MSc, professor at the Instituto Federal de Educação Tecnológica de São Paulo (IFSP).
Doctoral degree, adjunct professor in the graduate program of the Health Informatics Department, UNIFESP.
Braz J Otorhinolaryngol. 2011 Jul-Aug;77(4):488-498. doi: 10.1590/S1808-86942011000400013.
The International Classification of Sleep Disorders lists 90 disorders. Manifestations, such as snoring, are important signs in the diagnosis of the Obstructive Sleep Apnea Syndrome; they are also socially undesirable.
The aim of this paper was to present and evaluate a computerized tool that automatically identifies snoring and highlights the importance of establishing the duration of each snoring event in OSA patients.
The low-sampling (200 Hz) electrical signal that indicates snoring was measured during polysomnography. The snoring sound of 31 patients was automatically classified by the software. The Kappa approach was applied to measure agreement between the automatic detection software and a trained observer. Student's T test was applied to evaluate differences in the duration of snoring episodes among simple snorers and OSA snorers.

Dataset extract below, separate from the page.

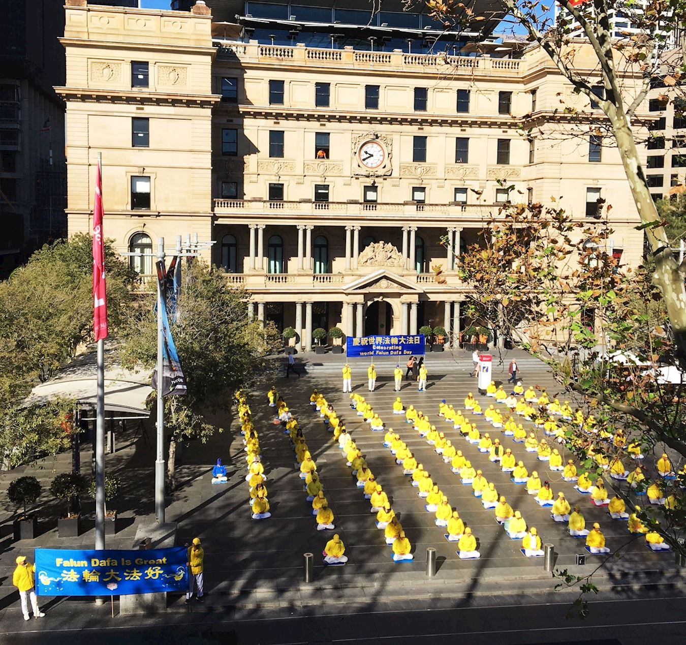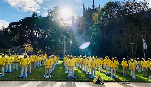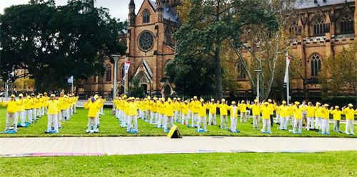 ![]() 图2~3:五月九日,法轮功学员清晨在悉尼市中心海关大楼门前广场集体大炼功 |

Of a total 43,976 snoring episodes, the software sensitivity was 99. 26%, the specificity was 97. 35%, and Kappa was 0. 96. We found a statistically significant difference (p <0. 0001) in the duration of snoring episodes (simple snoring x OSA snorers).
This computer software makes it easier to generate quantitative reports of snoring, thereby reducing manual labor.
国际睡眠障碍分类列出了 90 种障碍。表现,如打鼾,是阻塞性睡眠呼吸暂停综合征诊断中的重要标志;它们也是社会所不希望的。
本文旨在介绍和评估一种计算机工具,该工具可自动识别打鼾,并强调在 OSA 患者中确定每个打鼾事件持续时间的重要性。
在多导睡眠图期间测量指示打鼾的低采样(200Hz)电信号。31 名患者的打鼾声由软件自动分类。应用 Kappa 方法来测量自动检测软件和经过训练的观察者之间的一致性。应用学生 t 检验来评估单纯性打鼾者和 OSA 打鼾者之间打鼾事件持续时间的差异。
在总共 43976 次打鼾事件中,软件的灵敏度为 99.26%,特异性为 97.35%,Kappa 值为 0.96。我们发现打鼾事件持续时间(单纯性打鼾者与 OSA 打鼾者)存在统计学显著差异(p<0.0001)。
这种计算机软件使得生成打鼾的定量报告更加容易,从而减少了人工劳动。